Assigned task: The answer must give back every line of the data exactly, with no pictures.

Material provided:
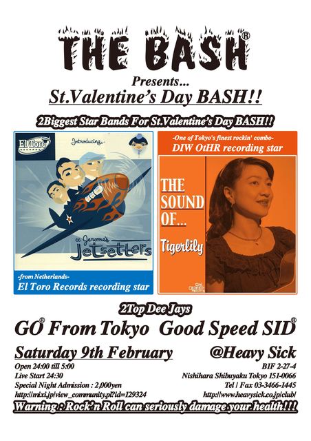 Date...Saturday 9th February Open...24:00 till 5:00 Live start...24:30 Special night admission...2,000yen Bands..CC Jerome's Jetsetters(from Netherlands) & Tigerlily(One of Tokyo's finest rockin' combo)
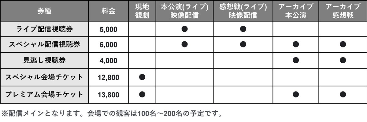 ※スペシャル&プレミアム合わせて各公演144席の数量限定のチケットとなります。
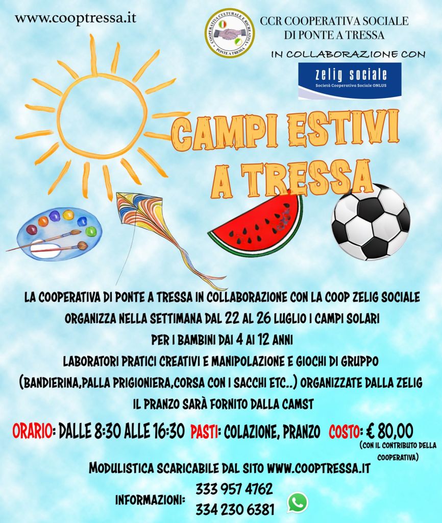 La Cooperativa di Ponte a Tressa in collaborazione con la Coop Zelig Sociale organizza nella settimana dal 22 al 26 luglio i campi solari per i bambini dai 4 ai 12 anni con laboratori e giochi creativi e divertenti organizzati dalla Coop Zelig Sociale.

Final answer:
 Date...Saturday 9th February Open...24:00 till 5:00 Live start...24:30 Special night admission...2,000yen Bands..CC Jerome's Jetsetters(from Netherlands) & Tigerlily(One of Tokyo's finest rockin' combo)
 ※スペシャル&プレミアム合わせて各公演144席の数量限定のチケットとなります。
 La Cooperativa di Ponte a Tressa in collaborazione con la Coop Zelig Sociale organizza nella settimana dal 22 al 26 luglio i campi solari per i bambini dai 4 ai 12 anni con laboratori e giochi creativi e divertenti organizzati dalla Coop Zelig Sociale.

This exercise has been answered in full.